## Task instructions
Go through the listing below and repeat it exactly, dropping the pictures.

## Information provided
-----
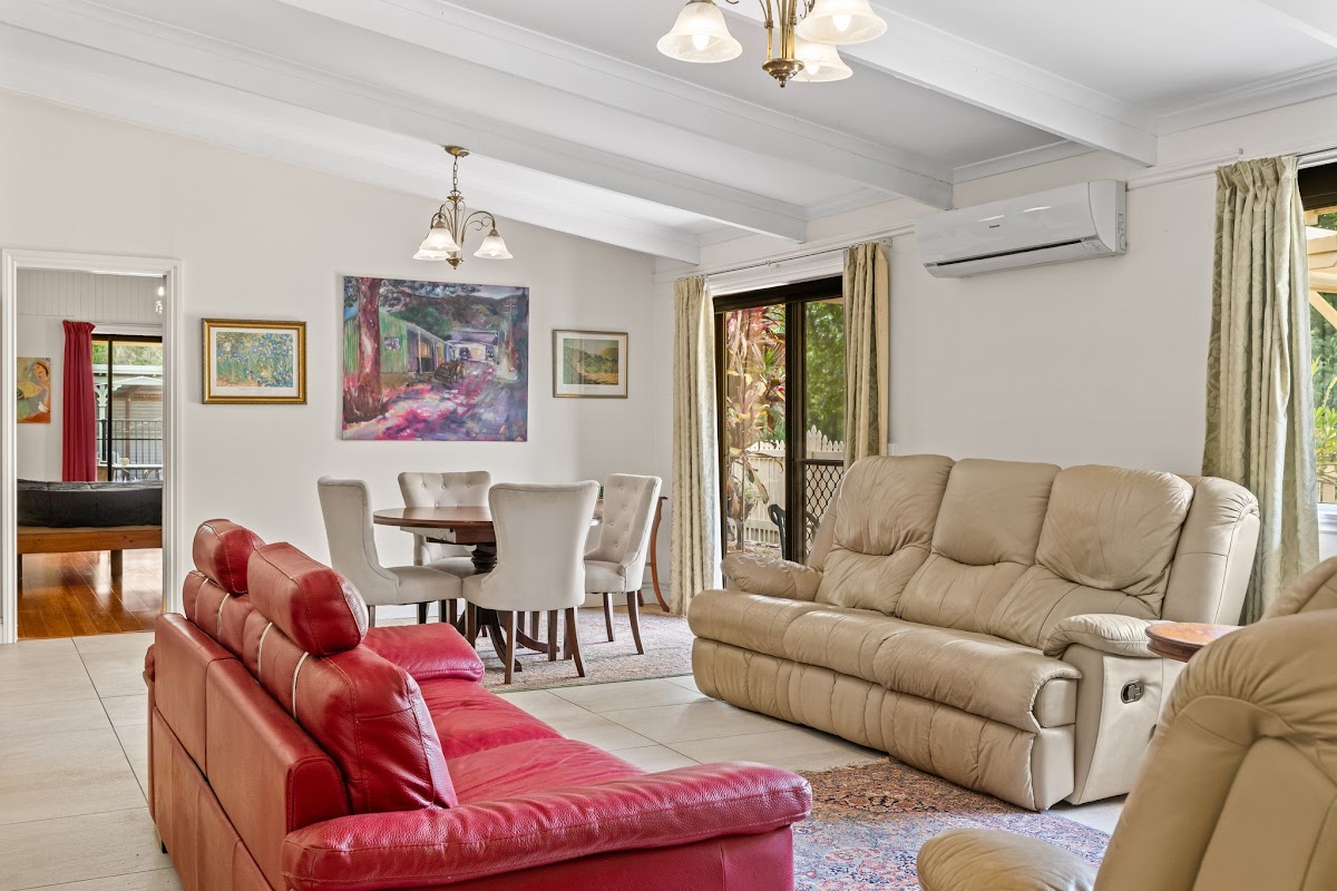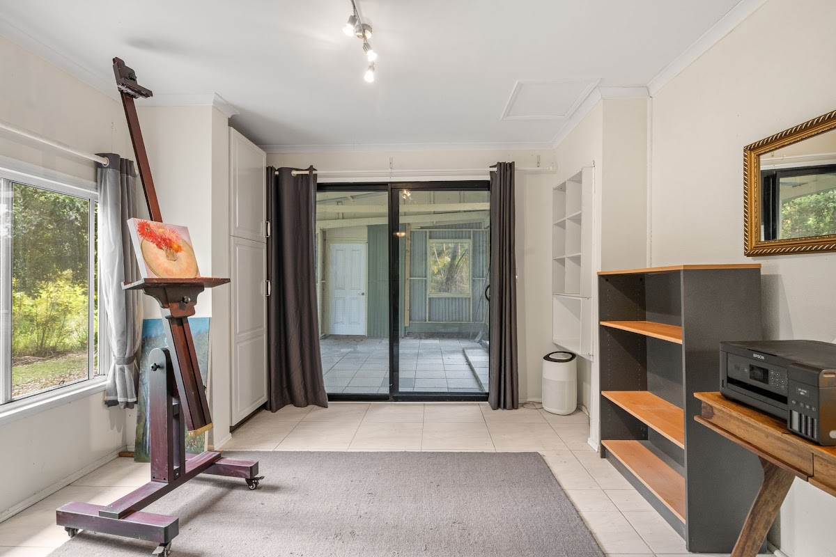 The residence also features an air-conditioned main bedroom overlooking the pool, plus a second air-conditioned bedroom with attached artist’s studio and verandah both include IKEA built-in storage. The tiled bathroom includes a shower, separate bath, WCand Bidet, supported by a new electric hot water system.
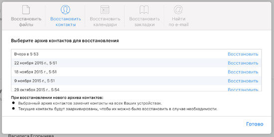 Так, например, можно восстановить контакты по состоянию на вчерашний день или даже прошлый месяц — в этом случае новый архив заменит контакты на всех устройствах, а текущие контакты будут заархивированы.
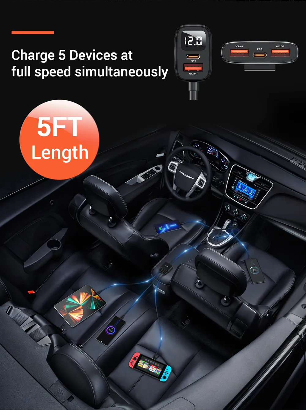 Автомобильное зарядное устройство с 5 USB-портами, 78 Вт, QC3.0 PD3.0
-----
## Completed task
 The residence also features an air-conditioned main bedroom overlooking the pool, plus a second air-conditioned bedroom with attached artist’s studio and verandah both include IKEA built-in storage. The tiled bathroom includes a shower, separate bath, WCand Bidet, supported by a new electric hot water system.
 Так, например, можно восстановить контакты по состоянию на вчерашний день или даже прошлый месяц — в этом случае новый архив заменит контакты на всех устройствах, а текущие контакты будут заархивированы.
 Автомобильное зарядное устройство с 5 USB-портами, 78 Вт, QC3.0 PD3.0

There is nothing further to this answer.